Scientists at The Ohio State University note in a news story from The Ohio State University that they have engineered a near fully formed brain in their lab that contains 99% of the genes in a human fetal brain and is as mature as a 5-week-old fetus.
Engineered from skin cells, the brain is about the size of a pencil eraser and has an identifiable structure, according to the news story.
“It not only looks like the developing brain, its diverse cell types express nearly all genes like a brain,” says Rene Anand, PhD, professor of biological chemistry and pharmacology at Ohio State, in the news story.
Anand and his colleague Susan McKay, a research associate in biological chemistry and pharmacology, developed the brain model using methods to differentiate pluripotent skin cells into neural tissue, components of the central nervous system, or other brain regions, Anand explains in the news story.
It took them about 15 weeks to build a model system developed to match the 5-week-old fetal human brain. They let the model continue to grow to the 12-week point, and observed expected maturation changes along the way.
Their lab-developed brain contains a spinal cord, all major regions of the brain, multiple cell types, signaling circuitry, and even a retina, but is missing a vascular system, the news story continues.
The brain model could be used to test experimental drugs and therapies for such neurological disorders as Alzheimer’s disease and autism.
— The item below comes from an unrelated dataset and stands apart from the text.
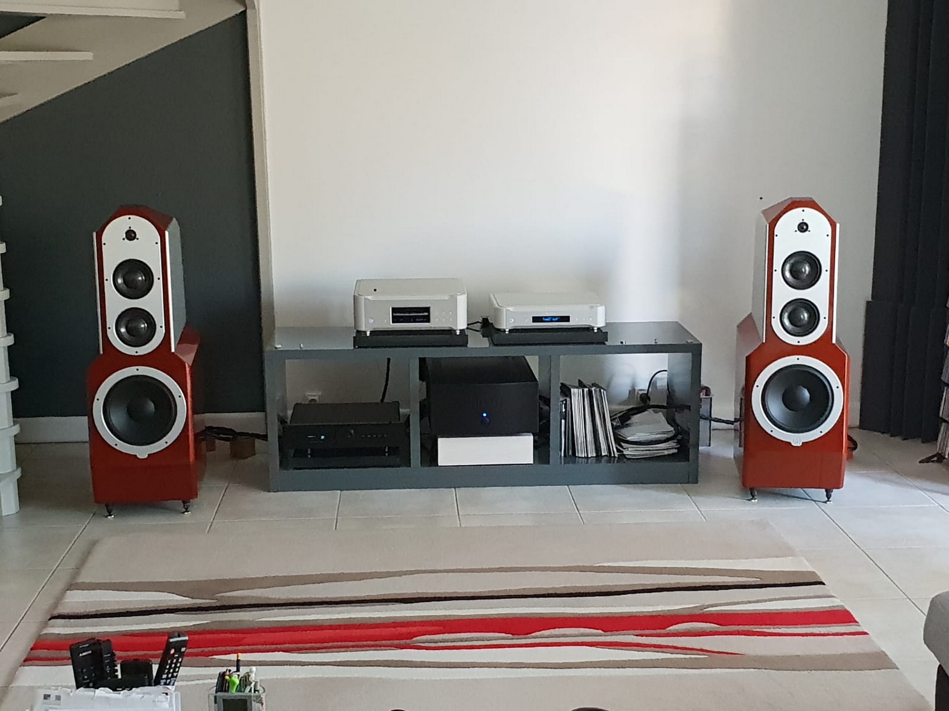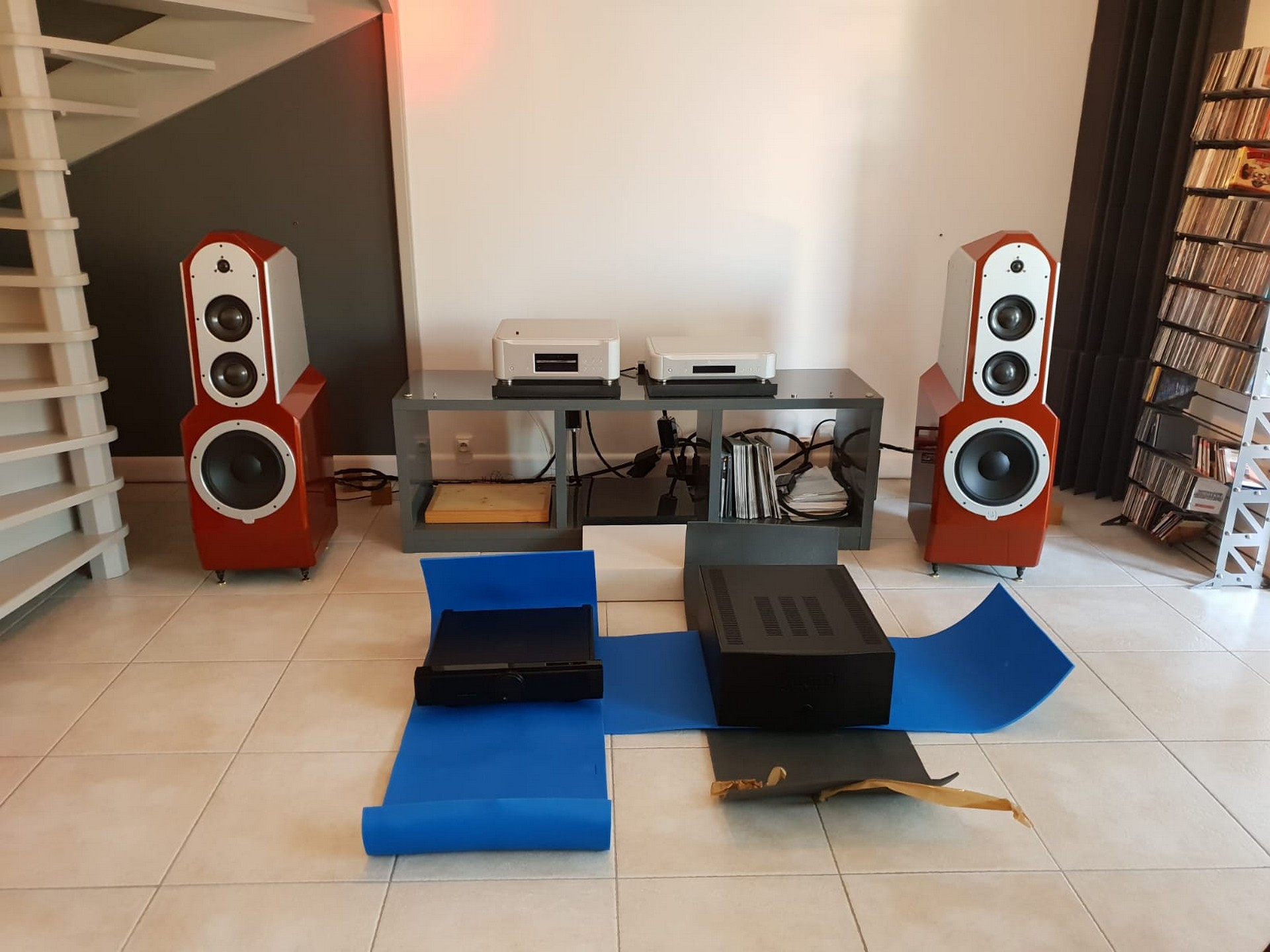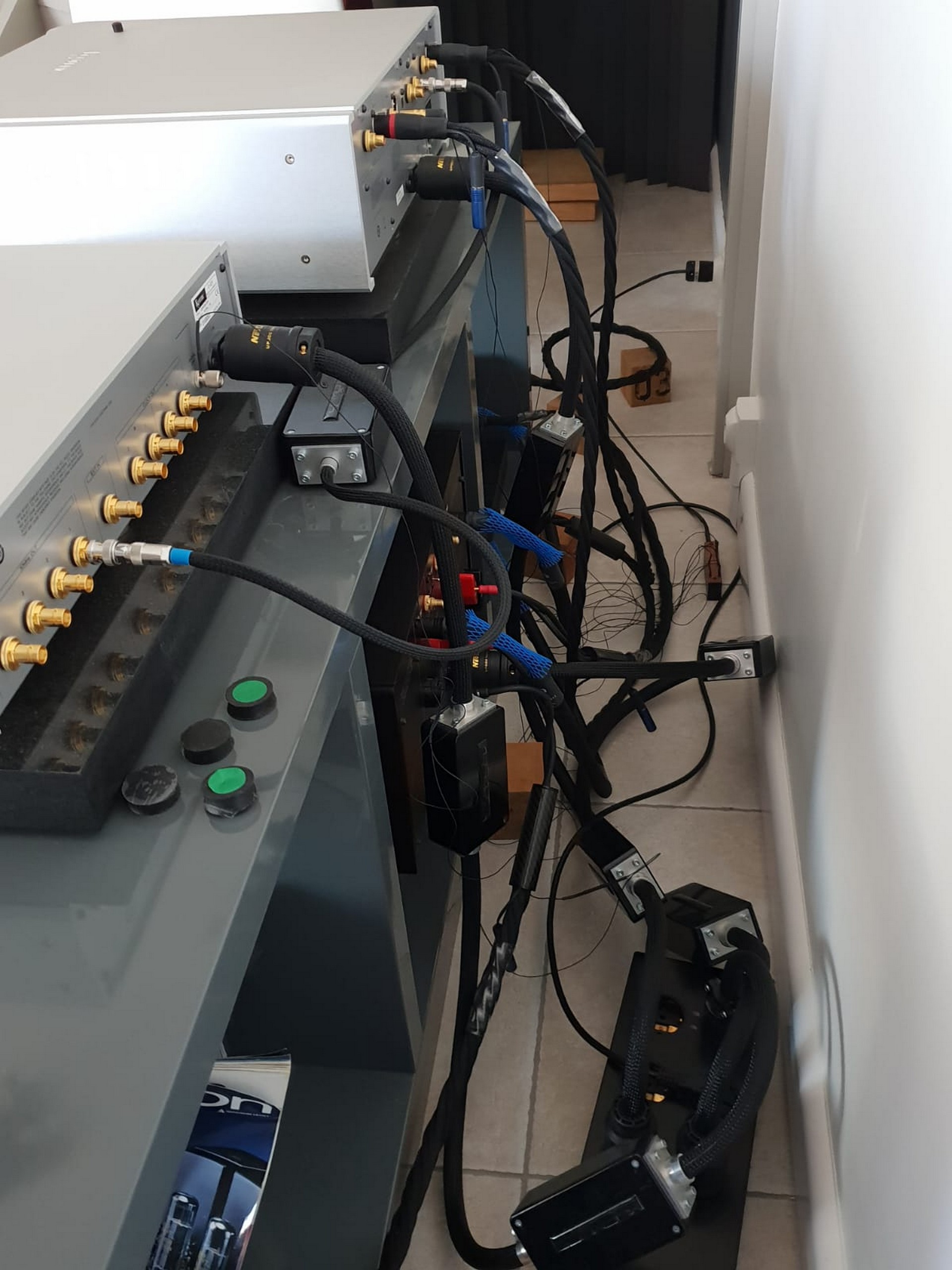 Rendez vous fut pris à son domicile, et nous nous sommes déplacés deux fois avec plusieurs électroniques de puissance et des préamplificateurs ainsi que du câblage, le choix final après écoutes s'est porté sur des valeurs sûres:

It could also offer a new platform for the study of Gulf War illness, traumatic brain injury, and post-traumatic stress disorder, according to the news story.
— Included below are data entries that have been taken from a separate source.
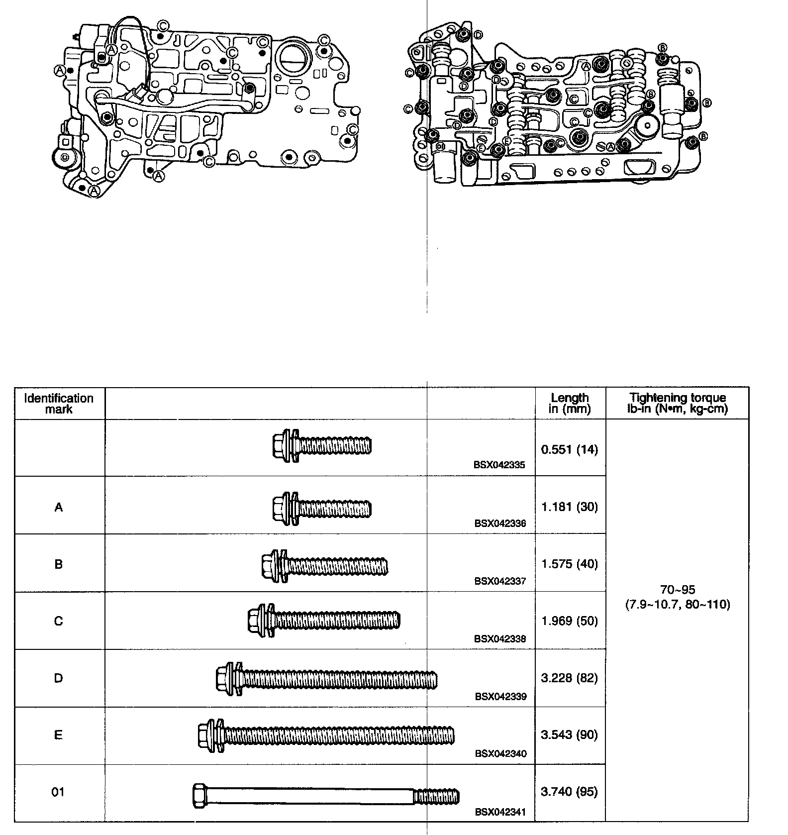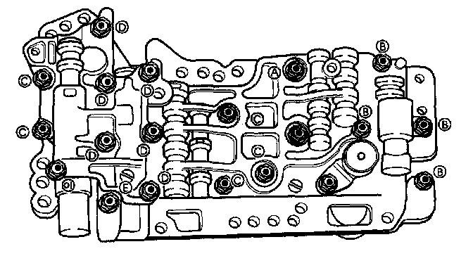 15. Loosely tighten lower control valve body bolts. (Refer to Bolt installation positions and external parts locations diagram)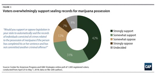 In terms of cannabis possession specifically, an even greater number (77%) of respondents said they favor automatically sealing criminal records. Notably, 54% of those who said they oppose cannabis legalization nevertheless support clean slate policies.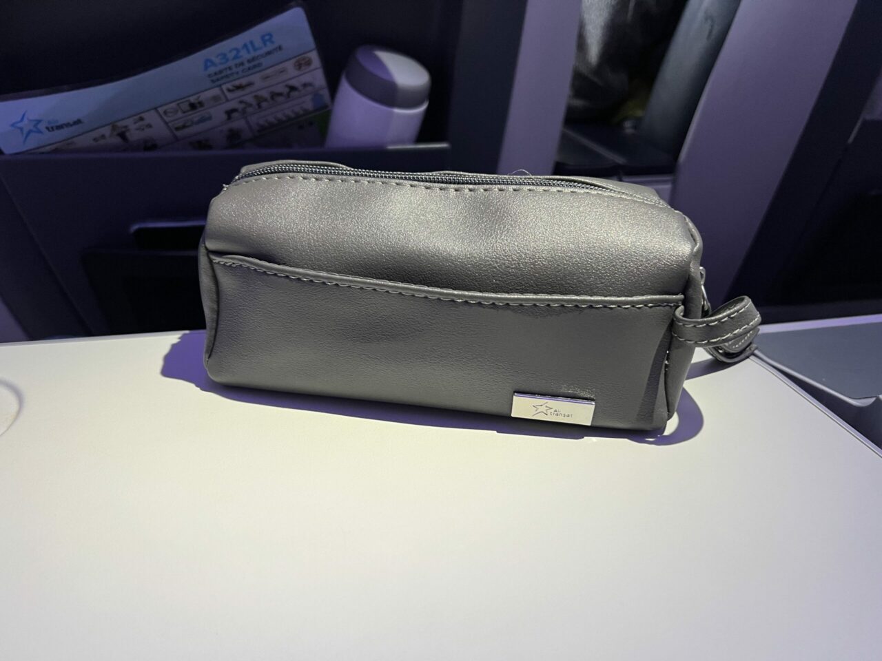 Air Transat provide Club passengers with a rather substantial amenity kit which seems more premium than that offered by other Premium Economy products. Placed on the seat prior to boarding, the airline provides two key amenities.

The duo hope that with further development and the addition of a pumping blood supply, their brain model could be used for stroke therapy studies, the news story explains.
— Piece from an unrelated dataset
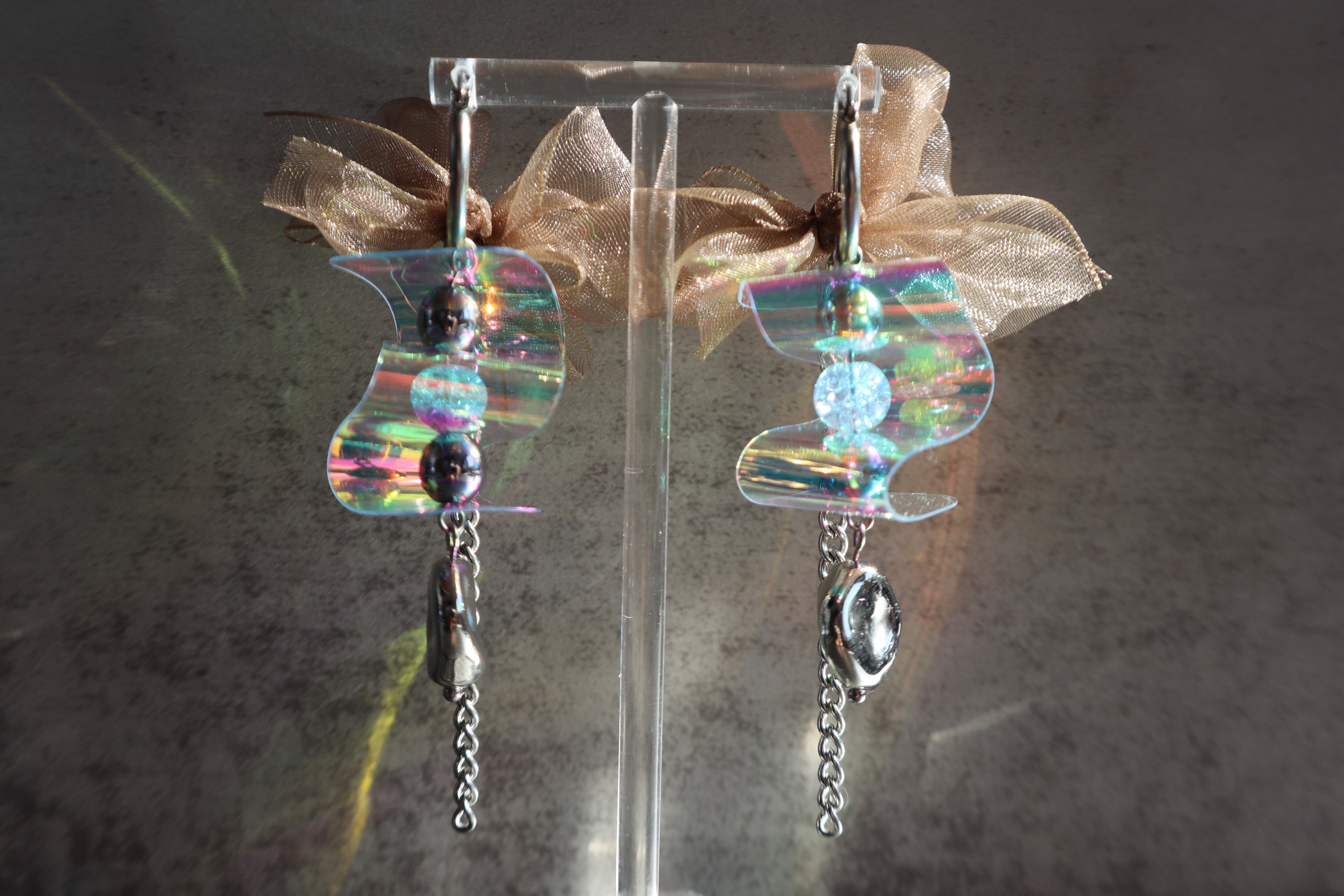 オーロラのように光を反射し、動くたびに表情を変える存在感のあるピアス。

“We’ve struggled for a long time trying to solve complex brain disease problems that cause tremendous pain and suffering. The power of this brain model bodes very well for human health because it gives us better and more relevant options to test and develop therapeutics other than rodents,” Anand explains in the news story.
“Genomic science infers there are up to 600 genes that give rise to autism, but we are stuck there. Mathematical correlations and statistical methods are insufficient to in themselves identify causation. You need an experimental system – you need a human brain,” Anand says.
Anand recently reported on his lab-grown brain at the 2015 Military Health System Research Symposium in Fort Lauderdale, Florida, per the news story.